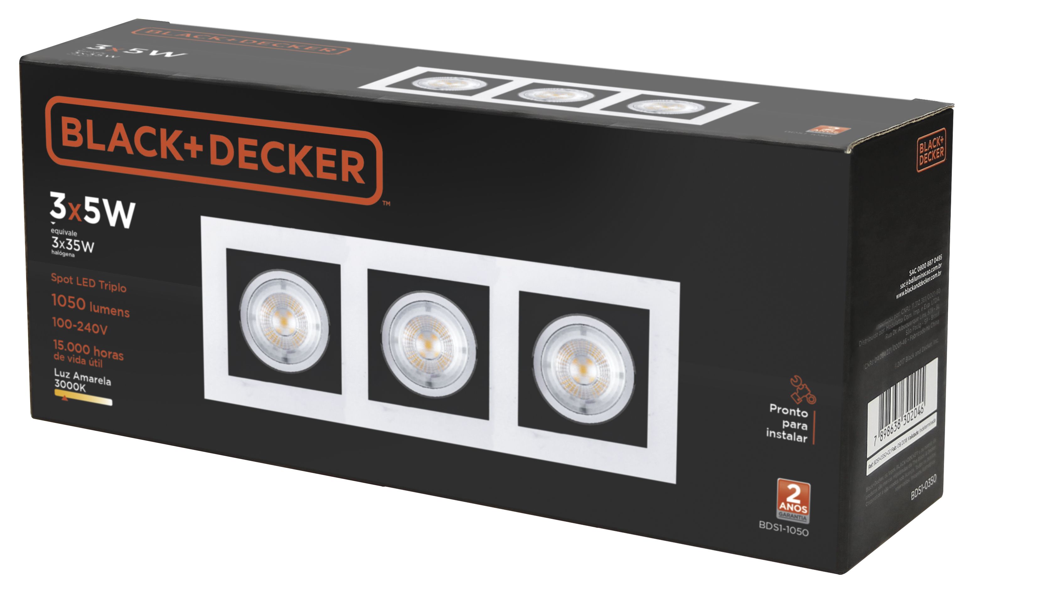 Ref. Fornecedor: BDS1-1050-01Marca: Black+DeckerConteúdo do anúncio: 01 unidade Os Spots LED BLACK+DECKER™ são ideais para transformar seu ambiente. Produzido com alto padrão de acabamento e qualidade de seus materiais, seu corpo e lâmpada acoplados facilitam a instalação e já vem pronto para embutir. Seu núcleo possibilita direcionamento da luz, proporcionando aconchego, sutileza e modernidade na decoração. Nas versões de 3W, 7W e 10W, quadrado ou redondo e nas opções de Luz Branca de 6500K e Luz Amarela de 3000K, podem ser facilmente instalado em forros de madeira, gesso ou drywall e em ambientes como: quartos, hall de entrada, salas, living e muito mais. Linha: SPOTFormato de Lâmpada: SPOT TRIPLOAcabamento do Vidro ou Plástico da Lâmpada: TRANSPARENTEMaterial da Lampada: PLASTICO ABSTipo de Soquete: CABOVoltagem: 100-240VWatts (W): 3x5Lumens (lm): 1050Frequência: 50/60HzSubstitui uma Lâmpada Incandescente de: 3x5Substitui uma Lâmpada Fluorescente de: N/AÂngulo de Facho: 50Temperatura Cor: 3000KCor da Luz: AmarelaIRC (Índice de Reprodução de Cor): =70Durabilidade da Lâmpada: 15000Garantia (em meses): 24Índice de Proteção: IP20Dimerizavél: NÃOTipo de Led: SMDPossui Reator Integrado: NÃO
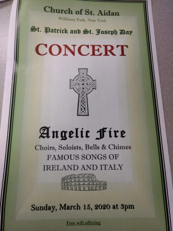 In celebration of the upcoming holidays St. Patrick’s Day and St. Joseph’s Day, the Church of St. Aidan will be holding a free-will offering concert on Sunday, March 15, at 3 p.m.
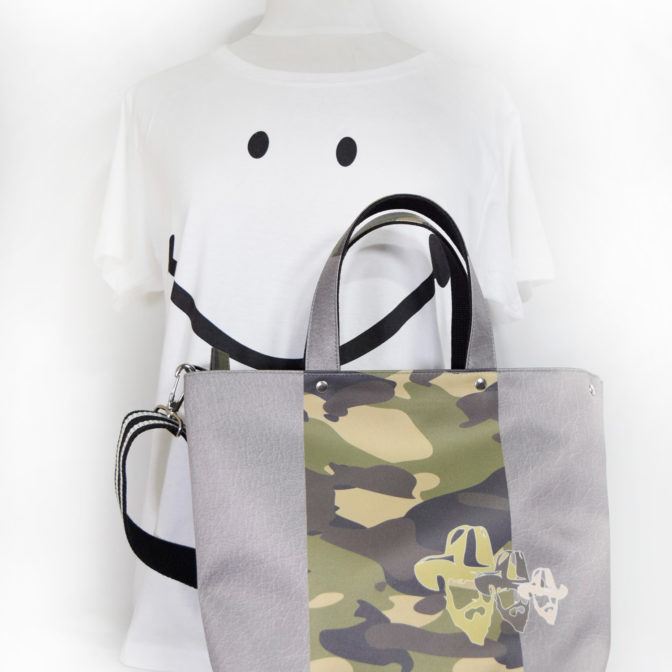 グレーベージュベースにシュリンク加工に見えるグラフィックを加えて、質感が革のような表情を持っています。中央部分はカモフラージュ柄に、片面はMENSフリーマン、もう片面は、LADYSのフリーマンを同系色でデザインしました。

---

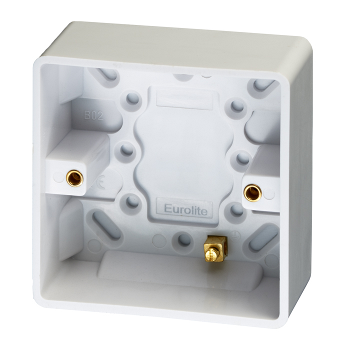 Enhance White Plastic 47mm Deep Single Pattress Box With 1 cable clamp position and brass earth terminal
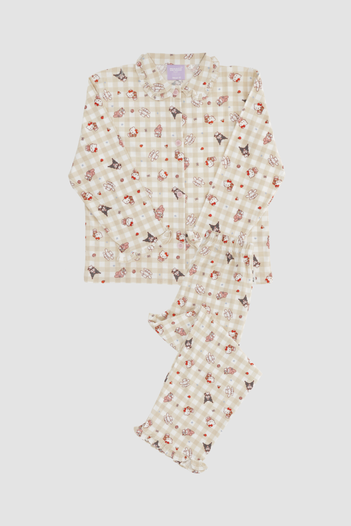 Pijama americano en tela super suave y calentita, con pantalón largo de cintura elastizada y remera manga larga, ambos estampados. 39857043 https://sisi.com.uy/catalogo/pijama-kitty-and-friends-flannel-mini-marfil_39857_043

* * *

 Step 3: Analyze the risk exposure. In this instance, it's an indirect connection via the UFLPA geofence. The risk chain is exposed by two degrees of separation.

_Exercise_:
Look above for the line containing "In celebration of", then write out every line from there down to the line containing "グレーベージュベースにシュリ", that line included, with no pictures.

_Problem solution_:
 In celebration of the upcoming holidays St. Patrick’s Day and St. Joseph’s Day, the Church of St. Aidan will be holding a free-will offering concert on Sunday, March 15, at 3 p.m.
 グレーベージュベースにシュリンク加工に見えるグラフィックを加えて、質感が革のような表情を持っています。中央部分はカモフラージュ柄に、片面はMENSフリーマン、もう片面は、LADYSのフリーマンを同系色でデザインしました。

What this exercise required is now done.